You are on page 1of 3

STATE INSTITUTIONS

PROCESS OF CONFIGURATION OF THE CONSTITUTIONAL STATE


1. Process of formation, concept and elements.
The state can be described as a territorial society, organized according to law and
endowed with a power qualified as sovereign. If the state does not exist, neither does
the Institutions.
1.1 THE EVOLUTION
In the feudal times, the power was not centralised in a single person, there was not a
superior leader, only feudal laws. The absolute monarchies, arrived in the modern
ages, as for example the catholic kings in Spain. So, the State appears in the modern
ages. *
Maquiavelo, was the one to introduce the term state, to refer Renaissance political
organization. This brings at the same time organizational, economic, political and
military centralisation. This resulted on the bourgeoisie supporting the monarch, who
increased his power by submitting to the feudal laws.
In the Constitution of Cadiz (‘La Pepa’) the absolutes monarchies were put into doubt
for the first time. The first revolution against it was the French revolution in 1789. This
led to a liberal State which was named the State of law.
Liberalism has several dimensions. The political one, which refers to the liberal state,
the economic, economic liberalism and the legal aspect, the State of law.
The demo liberal state means one step forward. An example, is Germany with the
Constitution of Weimar or in the case of Spain, with the emergence of the Republic. In
both, we can find mechanisms of semidirect democracy within the representative
democracy that protects the social, cultural and political minorities.
1.2 ELEMENTS OF THE STATE
People, territory and power, those are the elements of the State.
Power depends so much on strength, coercion, and consent, on the citizens awareness
that what is commanded is right for the common interests. When it is based only on
force, this power is constituted as a factual power, as it happens in dictatorships,
lacking the element of consent that is the one that ultimately legitimates power and
concerts it into power of law.
1.2.2 SOVEREIGNTY AS A DEFINING ELEMENT OF THE STATE

Bodin, included a fourth element, which was the sovereignty. That’s why he
thinks that the elements of state are people, territory, power AND sovereignty.
Este no forma parte si pregunta de la CLASSICAL THEORY.
He thinks that the power is sovereign, when it is absolute, perpetual, original,
invisible and inalienable, characterizing notes that ratify the desires of a
monarch that needed to justify the essence of its power and the use of it.
For Sieyes sovereignty resides in the nation (census suffrage -sufragio
censatario- is advocated), for Rousseau it resides in the people (this author
considers that to each person who composes the social body corresponds a
quota of sovereignty, reason why the suffrage must be universal).

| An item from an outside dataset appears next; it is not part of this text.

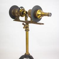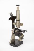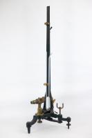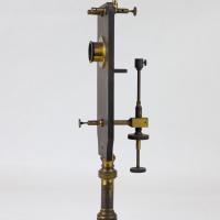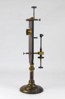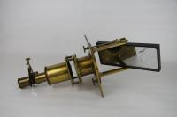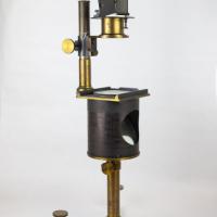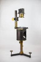 Instruments científics Patrimoni moble - Eines i equips - Astronomia FFUB-0175 Microscopi solar i accessoris Microscopi Òptica El microscopi solar és, en realitat, una llanterna màgica il·luminada pels raigs del sol. Es treballa en una cambra fosca i la llum del sol penetra a través d’una finestreta adequada al tub de l’instrument, que està proveït d’un mirall que queda a l’exterior. Els raigs del sol cauen sobre el mirall pla i es reflecteixen cap a una lent de condensació que els concentra sobre la mostra o portaobjectes. A continuació, un objectiu projecta la imatge a la paret oposada. Com que la direcció de la llum del sol és contínuament variable, la posició del mirall també s’ha de canviar, mitjançant dues rodetes, de manera que la reflexió està sempre en la direcció de l’eix del microscopi. J. Salleron 1870-1900 1870 1900 60 x 21,5 x 30 cm Llautó|Vidre (material) París, França Facultat de Física. Martí i Franquès, 1-11, 08028 Barcelona Despatx V533 Desconeguda Bo Reserva (magatzem) http://bdh-rd.bne.es/viewer.vm?id=0000237980&page=590|http://bdh-rd.bne.es/viewer.vm?id=0000232065&page=389|http://bdh-rd.bne.es/viewer.vm?id=0000131786&page=271 Protegit per dret d'autor No Santiago Vallmitjana Rico, Departament de Física Aplicada, UB|Joan Manel Hernández, Departament de Física de la Matèria Condensada, UB

The current status of sovereignty.


At the present time, the confrontation between national and popular
sovereignty can be considered overtaken by the universal admission of suffrage
as a right, which makes it universal.
This can be seen even in the Constitution of 1978 in which the Preamble refers
to the nations as subject of sovereignty, while in Article 1.2 of the Spanish
Constitution it says that sovereignty resides in the Spanish people.
In the Article 1.3 is established the political form of the Spanish State, which is a
parliamentary monarchy.
Liberty, justice, equality and political pluralism are the highest values of the
legal order.
APUNTAR PARTS OF THE CONSTITUTION (ARTICLE 1, 2 AND 3)

2. BIRTH AND EVOLUTION OF THE CONSTITUTIONAL SYSTEM


Concepts:
- Liberalism: an ideology where the individual is the protagonist.
- Rule of law: is the legal concreteness of the liberal state.

1. The birth of the liberal state


The liberal state appears as the legal-political expression of bourgeois triumph. Is
configures as a class state and supposes beginning of the responsibility and
interdiction of the arbitrariness of public powers.
Characteristics of the rule of law:
1) The law is configured as the expression of the general will, so the policymaking body
enjoys the political primacy: It is the "rule of law".
2) In order to ensure legal certainty, a hierarchical system of rules is established.
3) Control and separation of powers to prevent a despotic exercise of them.
4) The rights "of the man and the citizen" are thus recognized, protecting the rights
and freedoms of the person, both in their private and public spheres.
5) The Administration is subject to the principle of legality.
6) At a later stage, appears the control of constitutionality of the laws, to avoid that
the constituted powers take over the decisions of the constituent power and to
consolidate a system without fissures.